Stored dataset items
================
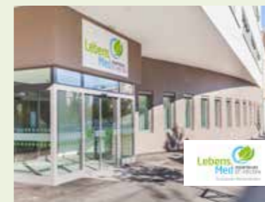
Lebens.Med Zentrum St. Pölten

Beste Gesundheit ist eine Partnerschaft von führenden niederösterreichischen Gesundheitsbetrieben, die eng miteinander verbunden sind. Jeder Betrieb setzt spezifische Schwerpunkte, wobei die natürlichen Heilvorkommen mit individuellen Therapien und kompetenter medizinischer Betreuung kombiniert werden. Im Mittelpunkt der Behandlung steht der Mensch mit seinen individuellen Zielen und Bedürfnissen.
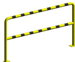
Barierka techniczna BT20
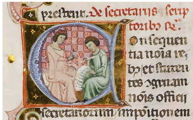
Abb. XV: Leges Palatinae, Brüssel, Bibliothèque royale de Belgique, MS 9169, zweiter Teil, fol. 26v (Ausschnitt)
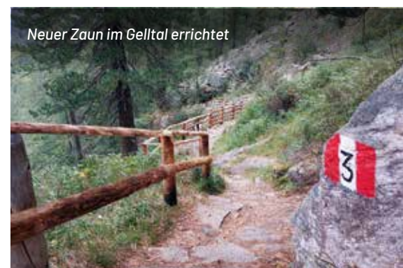
Neuer Zaun im Gelltal errichtet

Die Gesamtausgaben des Naturparks belaufen sich somit auf ca. 636.500 €. Ein großer Dank gebührt den vielen Partnern, Leihgebern und Förderern sowie all jenen, die sich während des Jahres in irgendeiner Weise für den Naturpark eingesetzt haben.
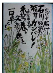
絵手紙同好会の皆さまより
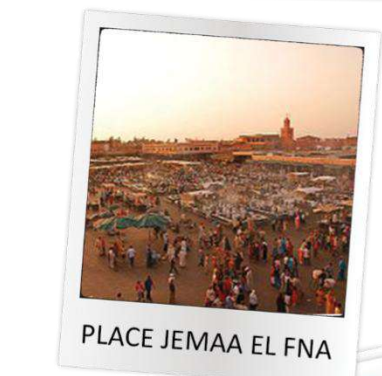
PLACE JEMAA EL FNA
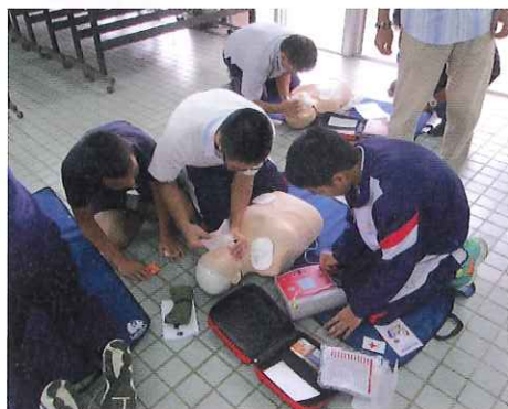
救急法などの講習
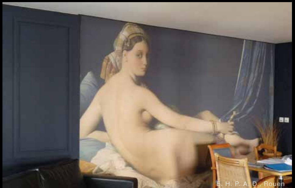
E. H. P. A. D., Rouen
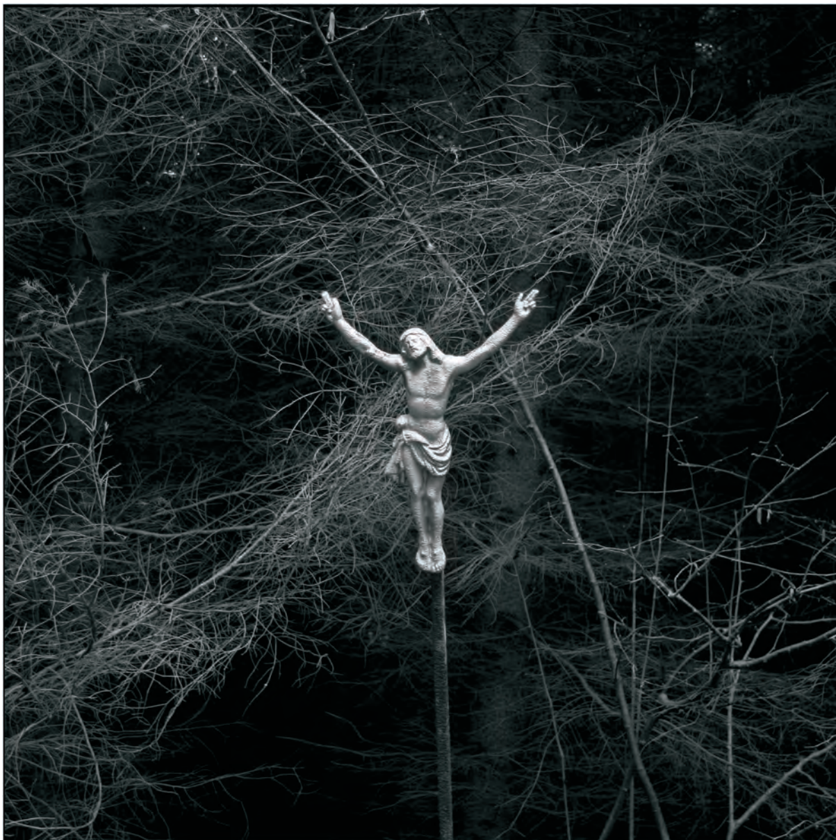
PROJEKT DOMOV , VÁCLAV NĚMEC - ZE SOUBORU SUDETY
================
Work item: Final task for the records above: print exactly the lines from the one that contains "E. H. P. A. D., Rouen" through the last line, both ends included, pictures excluded.

Answer section:
E. H. P. A. D., Rouen
PROJEKT DOMOV , VÁCLAV NĚMEC - ZE SOUBORU SUDETY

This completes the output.